• TASK ITEM
All lines below between the line with "花菖蒲:是玉蝉花的变种。多年" and the line with "전시관에 가면 작품 옆에", including both, must be copied exactly, and the pictures must be omitted.

• SUPPLIED ENTRIES
● ● ●

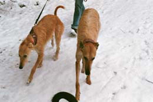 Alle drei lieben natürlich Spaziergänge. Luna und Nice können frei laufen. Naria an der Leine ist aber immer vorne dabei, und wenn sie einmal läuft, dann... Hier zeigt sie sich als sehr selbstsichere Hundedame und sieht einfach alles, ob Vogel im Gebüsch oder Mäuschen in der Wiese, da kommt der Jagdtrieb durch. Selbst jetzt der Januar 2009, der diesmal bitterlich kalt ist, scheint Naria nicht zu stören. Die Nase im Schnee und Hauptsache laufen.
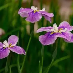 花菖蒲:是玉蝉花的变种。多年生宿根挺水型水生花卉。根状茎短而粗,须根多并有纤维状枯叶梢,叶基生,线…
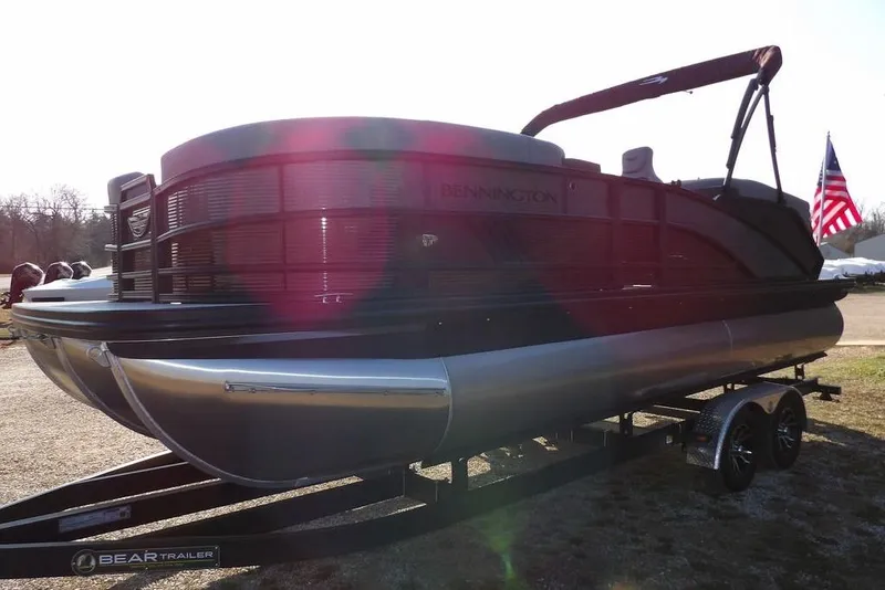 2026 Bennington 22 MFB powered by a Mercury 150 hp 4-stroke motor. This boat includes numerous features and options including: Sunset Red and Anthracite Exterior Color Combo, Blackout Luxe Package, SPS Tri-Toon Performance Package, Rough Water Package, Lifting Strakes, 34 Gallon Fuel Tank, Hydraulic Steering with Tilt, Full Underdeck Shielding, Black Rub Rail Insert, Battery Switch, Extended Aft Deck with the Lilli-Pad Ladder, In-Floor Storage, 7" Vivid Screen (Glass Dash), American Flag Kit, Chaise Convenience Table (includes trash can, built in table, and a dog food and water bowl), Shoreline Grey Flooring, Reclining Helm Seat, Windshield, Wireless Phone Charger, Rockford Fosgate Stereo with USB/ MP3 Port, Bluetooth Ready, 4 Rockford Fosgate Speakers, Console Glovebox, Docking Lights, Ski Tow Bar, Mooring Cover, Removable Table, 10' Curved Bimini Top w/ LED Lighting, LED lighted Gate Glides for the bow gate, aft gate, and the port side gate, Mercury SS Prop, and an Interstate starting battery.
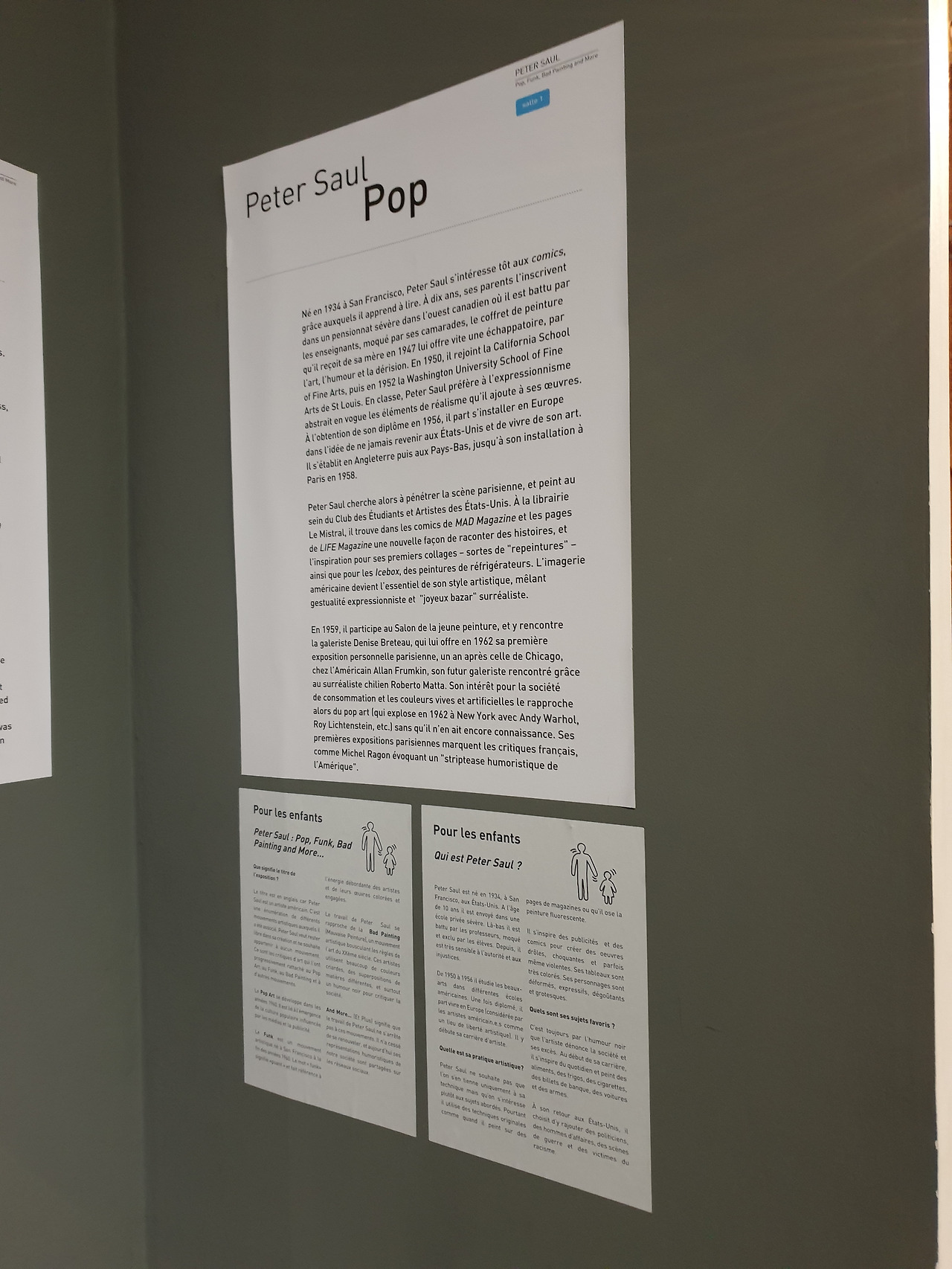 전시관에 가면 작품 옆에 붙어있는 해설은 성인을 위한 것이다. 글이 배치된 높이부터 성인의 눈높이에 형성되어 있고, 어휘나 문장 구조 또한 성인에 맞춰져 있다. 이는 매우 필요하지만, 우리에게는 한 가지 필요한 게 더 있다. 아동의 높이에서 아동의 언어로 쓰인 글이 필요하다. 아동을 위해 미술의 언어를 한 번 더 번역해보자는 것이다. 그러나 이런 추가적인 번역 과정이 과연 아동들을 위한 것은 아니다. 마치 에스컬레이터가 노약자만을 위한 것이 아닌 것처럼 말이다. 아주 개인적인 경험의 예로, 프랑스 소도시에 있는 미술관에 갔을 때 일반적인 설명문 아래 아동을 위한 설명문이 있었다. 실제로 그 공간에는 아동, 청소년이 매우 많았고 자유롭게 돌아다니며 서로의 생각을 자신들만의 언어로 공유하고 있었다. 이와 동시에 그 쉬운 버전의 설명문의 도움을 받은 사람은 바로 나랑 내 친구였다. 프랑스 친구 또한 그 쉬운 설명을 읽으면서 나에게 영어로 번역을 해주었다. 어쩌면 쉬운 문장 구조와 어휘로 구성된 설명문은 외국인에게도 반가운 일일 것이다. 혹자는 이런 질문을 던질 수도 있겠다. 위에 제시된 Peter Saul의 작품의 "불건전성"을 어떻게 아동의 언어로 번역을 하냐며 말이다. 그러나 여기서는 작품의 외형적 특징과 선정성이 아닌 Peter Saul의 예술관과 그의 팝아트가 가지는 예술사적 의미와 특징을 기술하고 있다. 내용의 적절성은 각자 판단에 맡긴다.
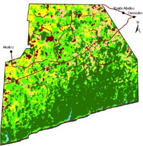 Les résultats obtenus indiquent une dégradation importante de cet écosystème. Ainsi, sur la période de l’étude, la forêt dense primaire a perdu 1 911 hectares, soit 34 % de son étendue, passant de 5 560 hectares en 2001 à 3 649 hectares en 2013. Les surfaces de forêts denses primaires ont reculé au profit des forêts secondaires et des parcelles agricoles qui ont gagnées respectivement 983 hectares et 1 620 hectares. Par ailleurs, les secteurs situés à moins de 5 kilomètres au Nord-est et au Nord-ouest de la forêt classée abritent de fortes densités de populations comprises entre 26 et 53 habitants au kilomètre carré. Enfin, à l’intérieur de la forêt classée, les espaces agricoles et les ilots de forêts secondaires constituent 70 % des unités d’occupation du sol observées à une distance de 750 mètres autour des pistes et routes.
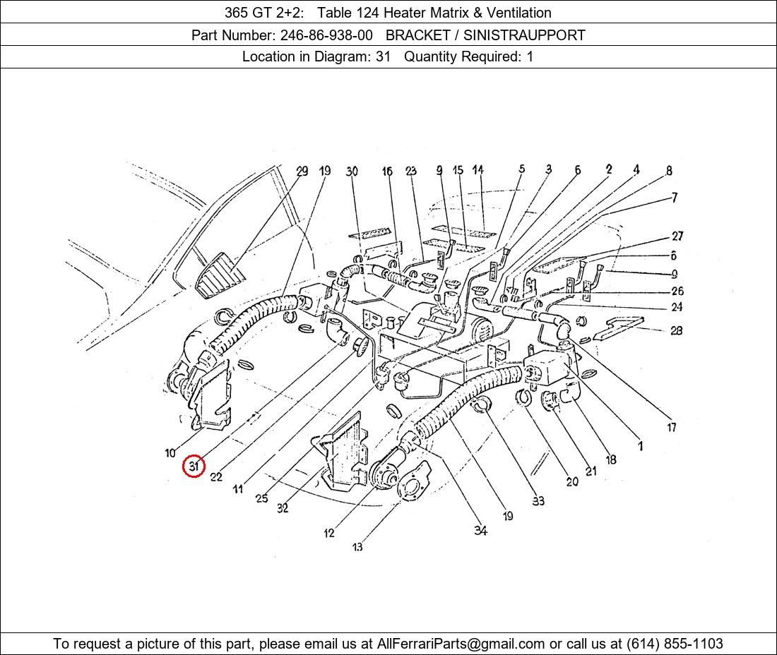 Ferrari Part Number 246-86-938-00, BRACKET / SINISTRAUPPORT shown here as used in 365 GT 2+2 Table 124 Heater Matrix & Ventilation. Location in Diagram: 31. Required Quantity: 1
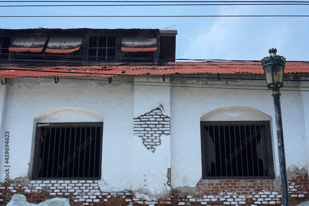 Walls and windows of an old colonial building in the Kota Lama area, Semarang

● ● ●

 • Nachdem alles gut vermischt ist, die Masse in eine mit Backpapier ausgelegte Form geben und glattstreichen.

● ● ●

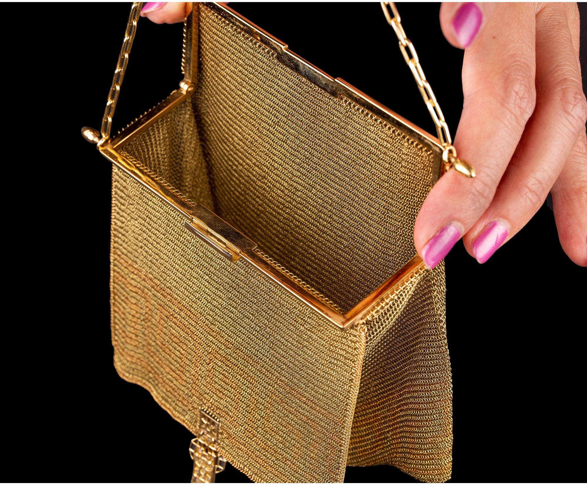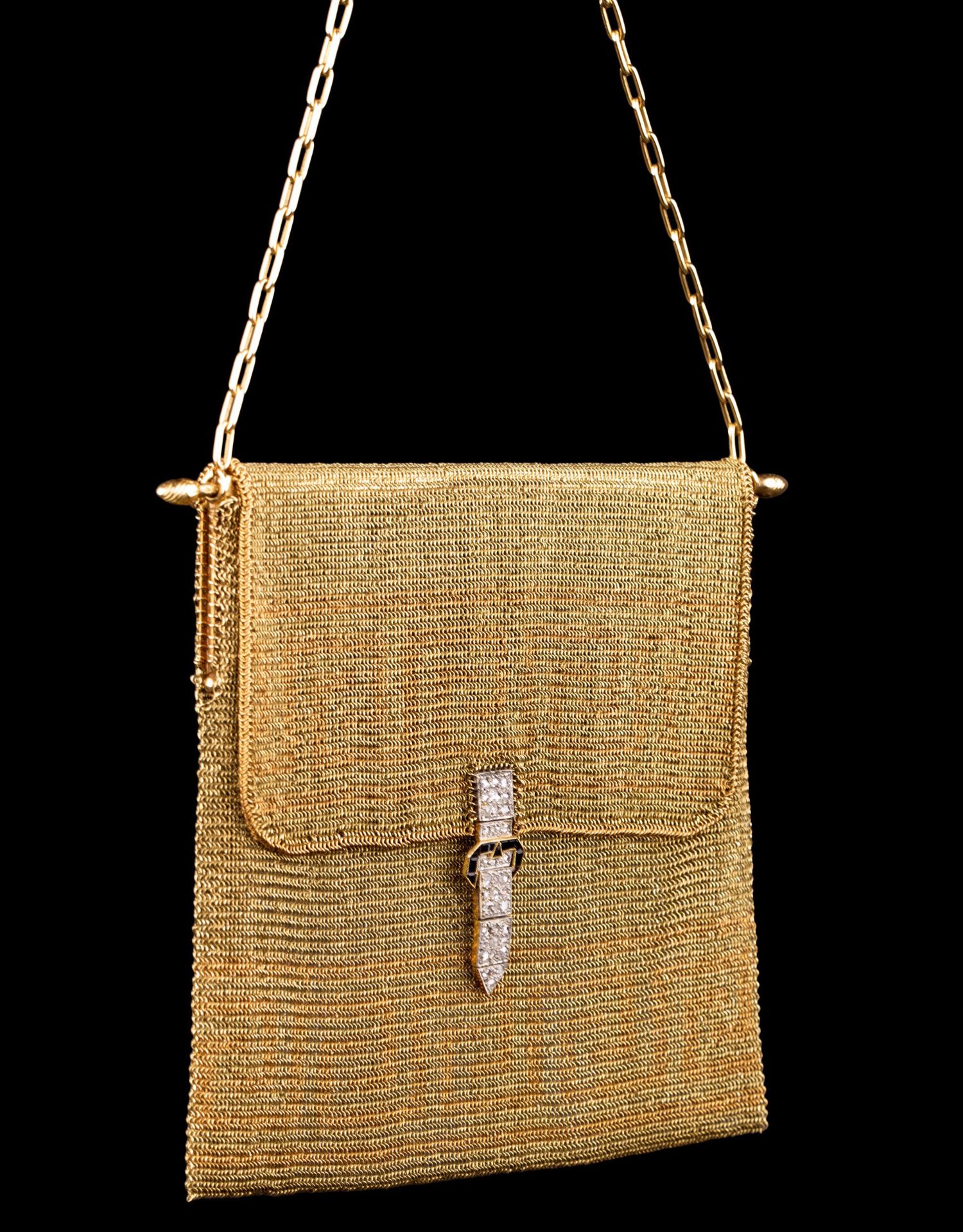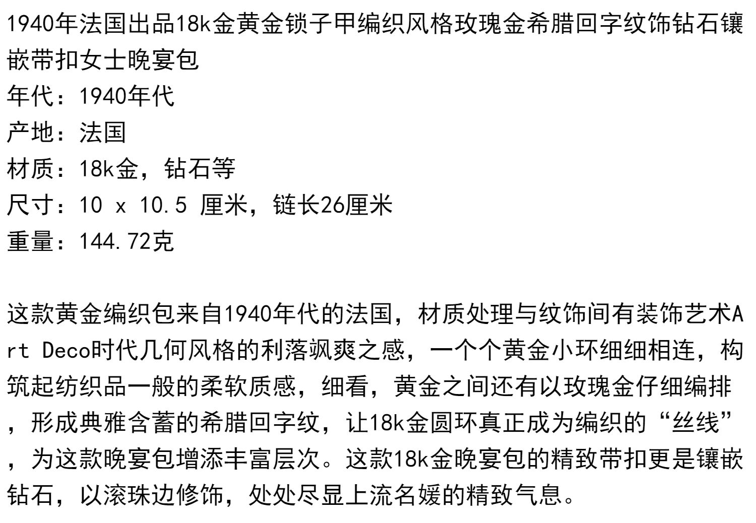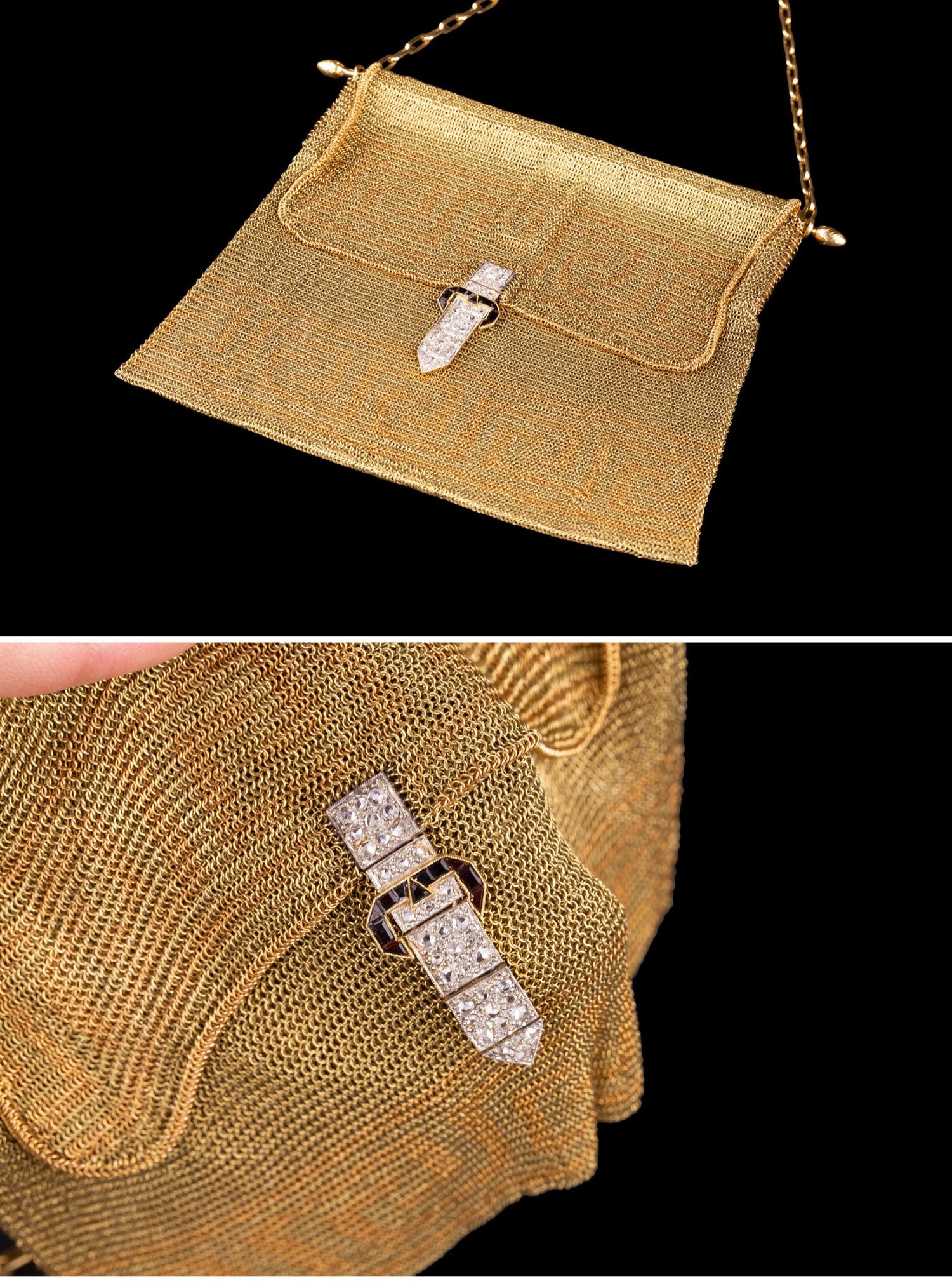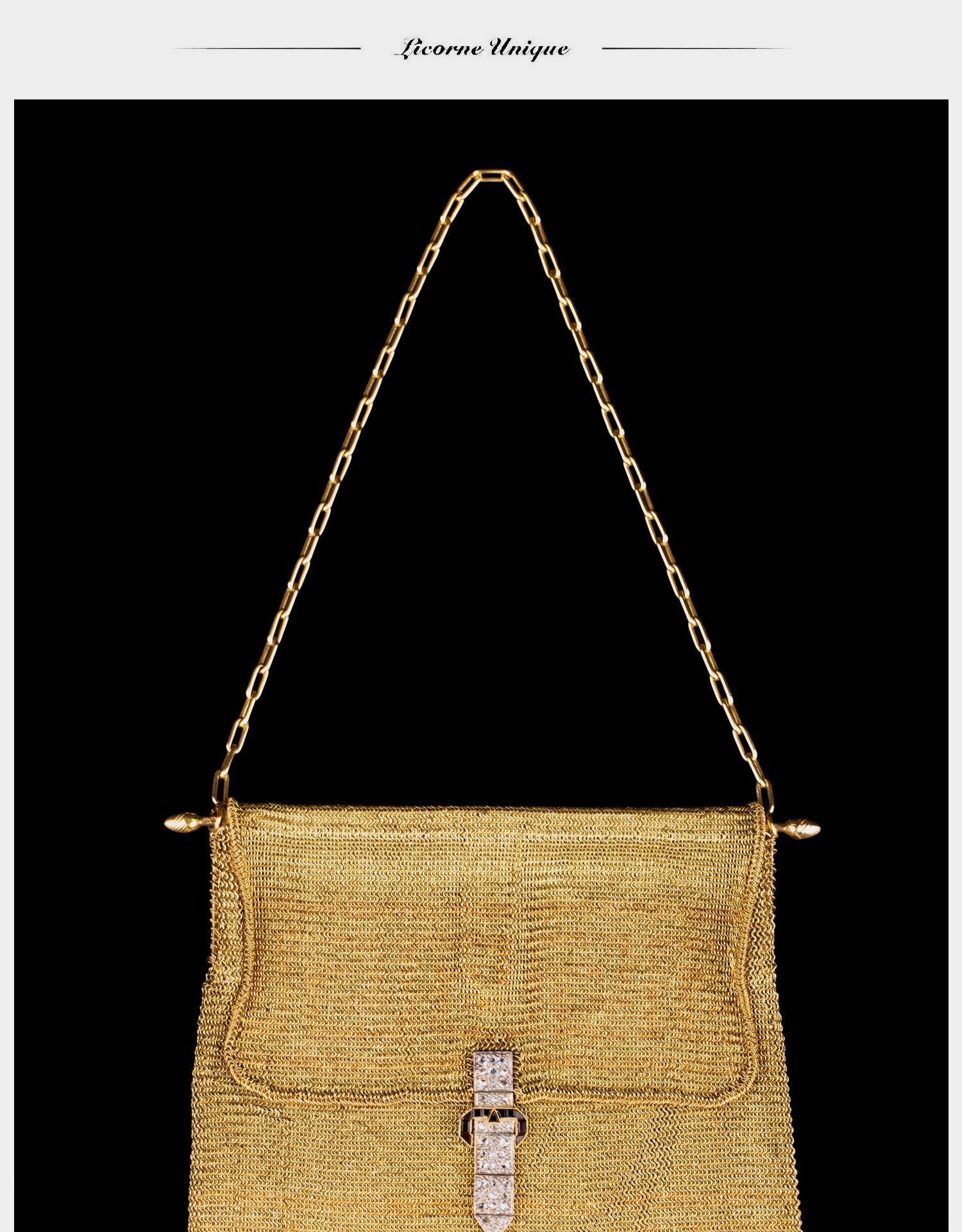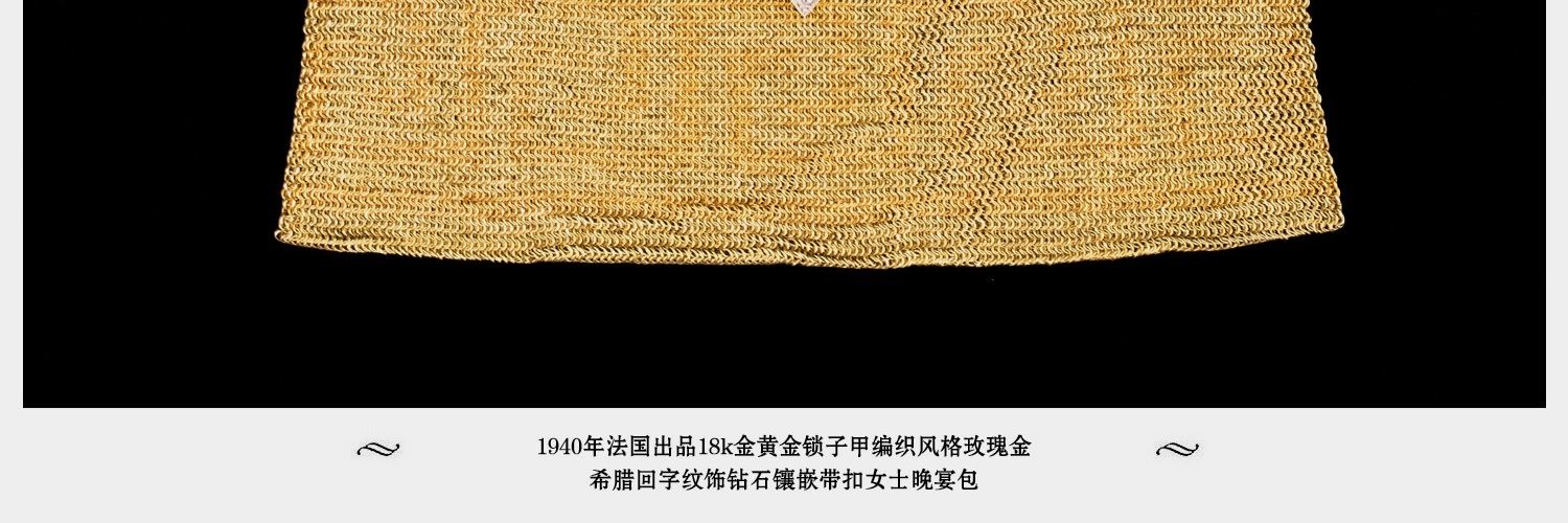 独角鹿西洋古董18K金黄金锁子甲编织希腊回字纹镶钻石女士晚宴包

● ● ●

• EXERCISE SOLUTION
 花菖蒲:是玉蝉花的变种。多年生宿根挺水型水生花卉。根状茎短而粗,须根多并有纤维状枯叶梢,叶基生,线…
 2026 Bennington 22 MFB powered by a Mercury 150 hp 4-stroke motor. This boat includes numerous features and options including: Sunset Red and Anthracite Exterior Color Combo, Blackout Luxe Package, SPS Tri-Toon Performance Package, Rough Water Package, Lifting Strakes, 34 Gallon Fuel Tank, Hydraulic Steering with Tilt, Full Underdeck Shielding, Black Rub Rail Insert, Battery Switch, Extended Aft Deck with the Lilli-Pad Ladder, In-Floor Storage, 7" Vivid Screen (Glass Dash), American Flag Kit, Chaise Convenience Table (includes trash can, built in table, and a dog food and water bowl), Shoreline Grey Flooring, Reclining Helm Seat, Windshield, Wireless Phone Charger, Rockford Fosgate Stereo with USB/ MP3 Port, Bluetooth Ready, 4 Rockford Fosgate Speakers, Console Glovebox, Docking Lights, Ski Tow Bar, Mooring Cover, Removable Table, 10' Curved Bimini Top w/ LED Lighting, LED lighted Gate Glides for the bow gate, aft gate, and the port side gate, Mercury SS Prop, and an Interstate starting battery.
 전시관에 가면 작품 옆에 붙어있는 해설은 성인을 위한 것이다. 글이 배치된 높이부터 성인의 눈높이에 형성되어 있고, 어휘나 문장 구조 또한 성인에 맞춰져 있다. 이는 매우 필요하지만, 우리에게는 한 가지 필요한 게 더 있다. 아동의 높이에서 아동의 언어로 쓰인 글이 필요하다. 아동을 위해 미술의 언어를 한 번 더 번역해보자는 것이다. 그러나 이런 추가적인 번역 과정이 과연 아동들을 위한 것은 아니다. 마치 에스컬레이터가 노약자만을 위한 것이 아닌 것처럼 말이다. 아주 개인적인 경험의 예로, 프랑스 소도시에 있는 미술관에 갔을 때 일반적인 설명문 아래 아동을 위한 설명문이 있었다. 실제로 그 공간에는 아동, 청소년이 매우 많았고 자유롭게 돌아다니며 서로의 생각을 자신들만의 언어로 공유하고 있었다. 이와 동시에 그 쉬운 버전의 설명문의 도움을 받은 사람은 바로 나랑 내 친구였다. 프랑스 친구 또한 그 쉬운 설명을 읽으면서 나에게 영어로 번역을 해주었다. 어쩌면 쉬운 문장 구조와 어휘로 구성된 설명문은 외국인에게도 반가운 일일 것이다. 혹자는 이런 질문을 던질 수도 있겠다. 위에 제시된 Peter Saul의 작품의 "불건전성"을 어떻게 아동의 언어로 번역을 하냐며 말이다. 그러나 여기서는 작품의 외형적 특징과 선정성이 아닌 Peter Saul의 예술관과 그의 팝아트가 가지는 예술사적 의미와 특징을 기술하고 있다. 내용의 적절성은 각자 판단에 맡긴다.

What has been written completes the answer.